▶ [WHAT YOU ARE ASKED TO DO]
Please keep the images out and set down the data exactly as given.
Start of DATA SHOWN
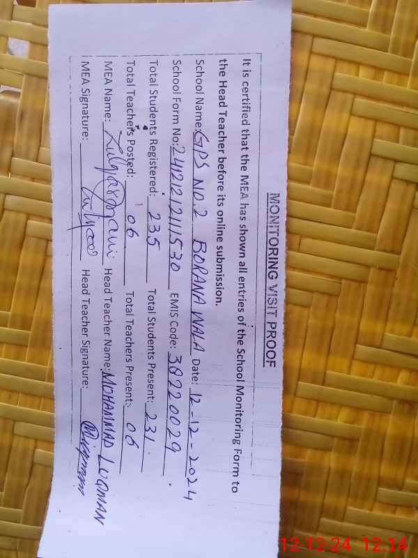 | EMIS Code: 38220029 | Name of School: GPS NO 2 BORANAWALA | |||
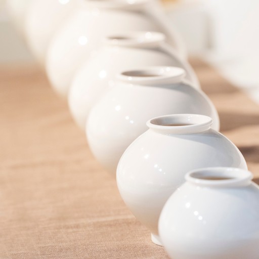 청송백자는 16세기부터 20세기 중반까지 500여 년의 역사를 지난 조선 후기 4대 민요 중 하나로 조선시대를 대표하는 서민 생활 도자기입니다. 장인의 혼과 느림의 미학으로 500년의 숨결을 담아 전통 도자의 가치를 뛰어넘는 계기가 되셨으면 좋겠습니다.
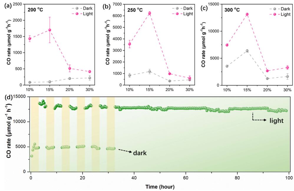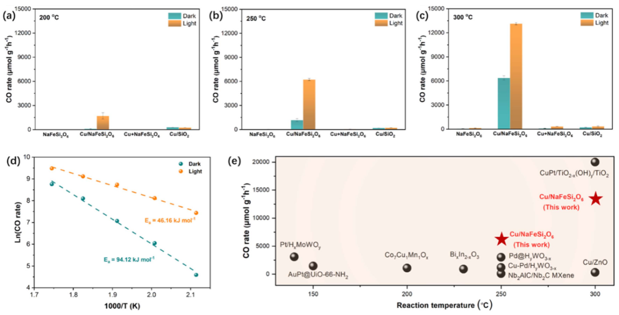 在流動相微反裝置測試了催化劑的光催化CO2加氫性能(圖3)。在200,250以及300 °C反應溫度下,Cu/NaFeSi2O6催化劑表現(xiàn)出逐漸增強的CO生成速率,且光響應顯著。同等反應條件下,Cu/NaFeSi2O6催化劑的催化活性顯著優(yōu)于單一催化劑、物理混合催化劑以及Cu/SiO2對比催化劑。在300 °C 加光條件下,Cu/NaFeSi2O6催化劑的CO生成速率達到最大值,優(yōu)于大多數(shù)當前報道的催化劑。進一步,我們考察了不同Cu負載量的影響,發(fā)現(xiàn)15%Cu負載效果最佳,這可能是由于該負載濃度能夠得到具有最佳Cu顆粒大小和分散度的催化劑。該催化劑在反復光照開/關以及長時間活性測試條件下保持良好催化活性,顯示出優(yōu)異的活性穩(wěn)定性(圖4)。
End of DATA SHOWN
▶ [EXERCISE RESPONSE]
 | EMIS Code: 38220029 | Name of School: GPS NO 2 BORANAWALA | |||
 청송백자는 16세기부터 20세기 중반까지 500여 년의 역사를 지난 조선 후기 4대 민요 중 하나로 조선시대를 대표하는 서민 생활 도자기입니다. 장인의 혼과 느림의 미학으로 500년의 숨결을 담아 전통 도자의 가치를 뛰어넘는 계기가 되셨으면 좋겠습니다.
 在流動相微反裝置測試了催化劑的光催化CO2加氫性能(圖3)。在200,250以及300 °C反應溫度下,Cu/NaFeSi2O6催化劑表現(xiàn)出逐漸增強的CO生成速率,且光響應顯著。同等反應條件下,Cu/NaFeSi2O6催化劑的催化活性顯著優(yōu)于單一催化劑、物理混合催化劑以及Cu/SiO2對比催化劑。在300 °C 加光條件下,Cu/NaFeSi2O6催化劑的CO生成速率達到最大值,優(yōu)于大多數(shù)當前報道的催化劑。進一步,我們考察了不同Cu負載量的影響,發(fā)現(xiàn)15%Cu負載效果最佳,這可能是由于該負載濃度能夠得到具有最佳Cu顆粒大小和分散度的催化劑。該催化劑在反復光照開/關以及長時間活性測試條件下保持良好催化活性,顯示出優(yōu)異的活性穩(wěn)定性(圖4)。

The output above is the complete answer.